Теперь уже не могу. После сложившейся ситуации.
Короткое письмо. Она пишет, что изложила все, что знала, и других сведений, кроме тех, которые она предоставила, добавить не может. Она ухаживала за Пиноном весь последний год, это было переворачивающее душу переживание, после чего заботы о нем с нее сняли, поскольку он умер, а ее уволили из больницы.
Больше прибавить было нечего. Она, похоже, сожалела о том, что Кэтрин рассказала мне в свое время об этом случае. Но с тех пор, как все это случилось, прошло пятьдесят лет, и она больше ничего не может вспомнить.
Враждебный тон письма меня удивил. Она утверждает, что не понимает этого моего упорного, болезненного ("извращенного") интереса к умершему пятьдесят лет назад монстру, которого она сама, к слову сказать, вовсе не считает монстром (неужели я хоть раз употребил слово "монстр" в письмах к ней?). Никаких научных или общественно-медицинских воззрений по этому поводу у меня ведь быть не может, пишет она.
Так оно, наверное, и есть. Тут она права.
"Однако, - пишет она в P.S., - посылаю Вам в знак окончательного прекращения нашей переписки фотографию Пинона и его жены. С уважением, Хелен Портич".
Фотография расхожая, та, которую обычно публикуют в прессе и которая помещена на обложке книги Джона Шайдлера "A Monster's Life" (Бостон, 1934).

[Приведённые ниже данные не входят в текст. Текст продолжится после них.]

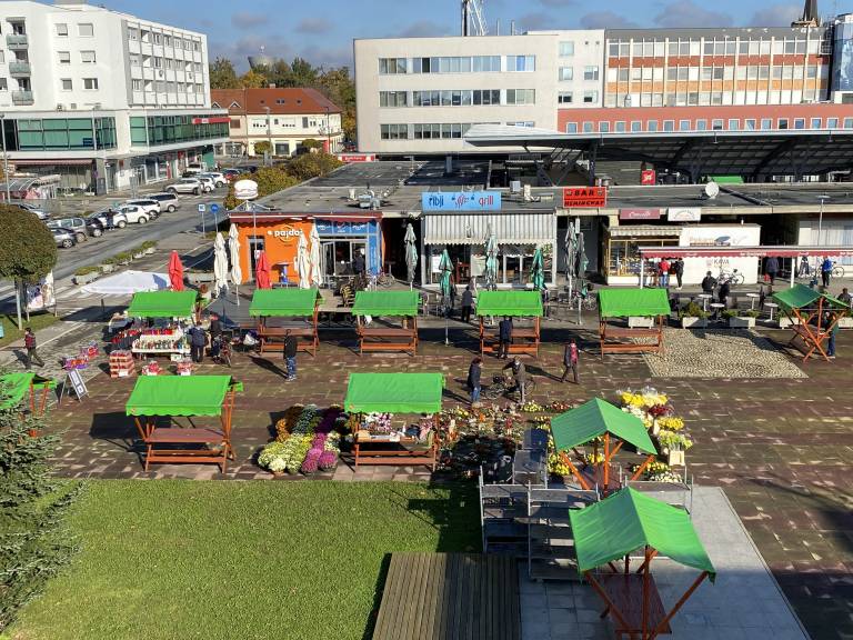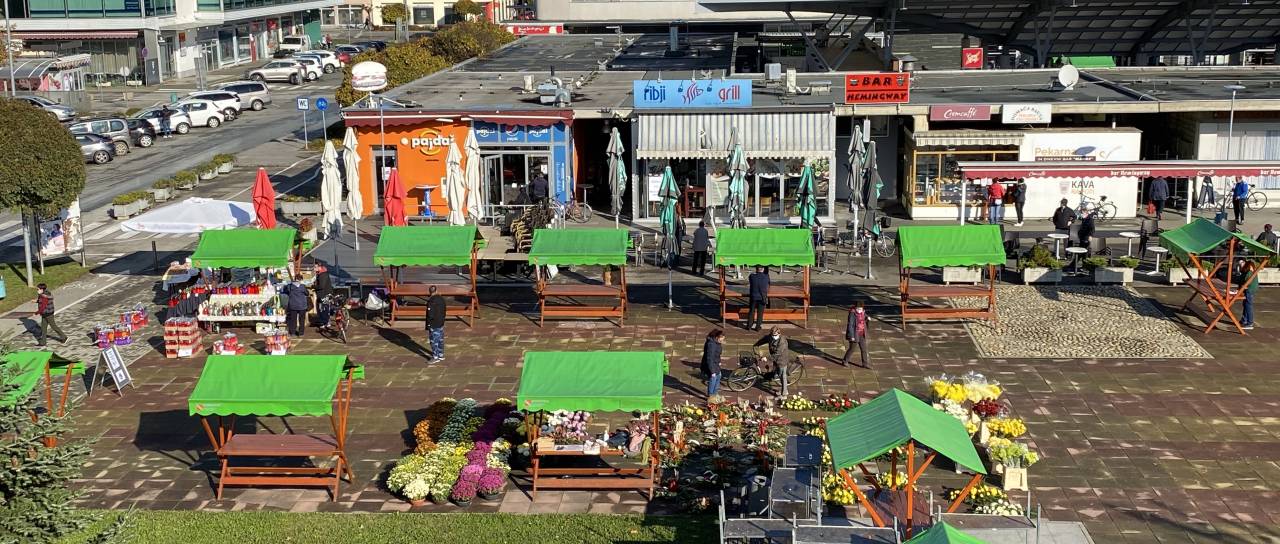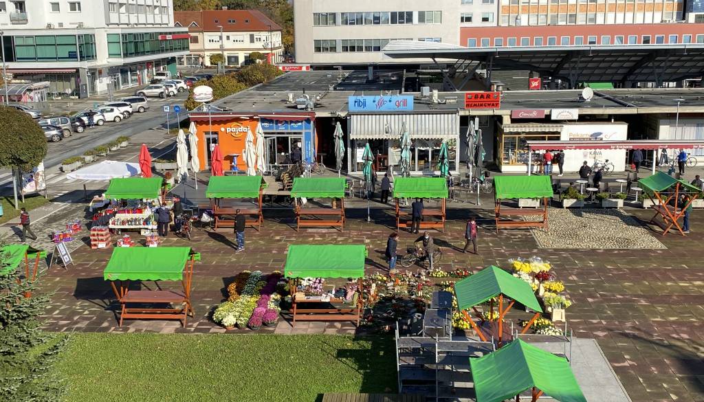 Soboška Komunala je med lokali tržnice in galerijo ter na Trgu kulture postavila 22 stojnic za razširjeno prodajo cvetja, aranžmajev in sveč.

У меня она уже была.
В письме ни слова о ребенке Пинона.
Часто просыпаюсь рано и, пока свет неспешно растекается над озером, пишу дневник. Сердце точно мешок с песком, так проще.
Кажется, как-то ночью я долго писал, помню, что взял щетку и подмел пол под фикусом в углу комнаты. Листья облетали каждый день, фикус был болен или же следовал смене времен года, хотя и стоял в комнате. Кто знает.
Скоро он умрет, успокоится в своей смерти, как птица. К весне, возможно, появятся новые листья. Это своего рода надежда, откуда мне знать, как думают деревья, если я вряд ли знаю, как думаю сам.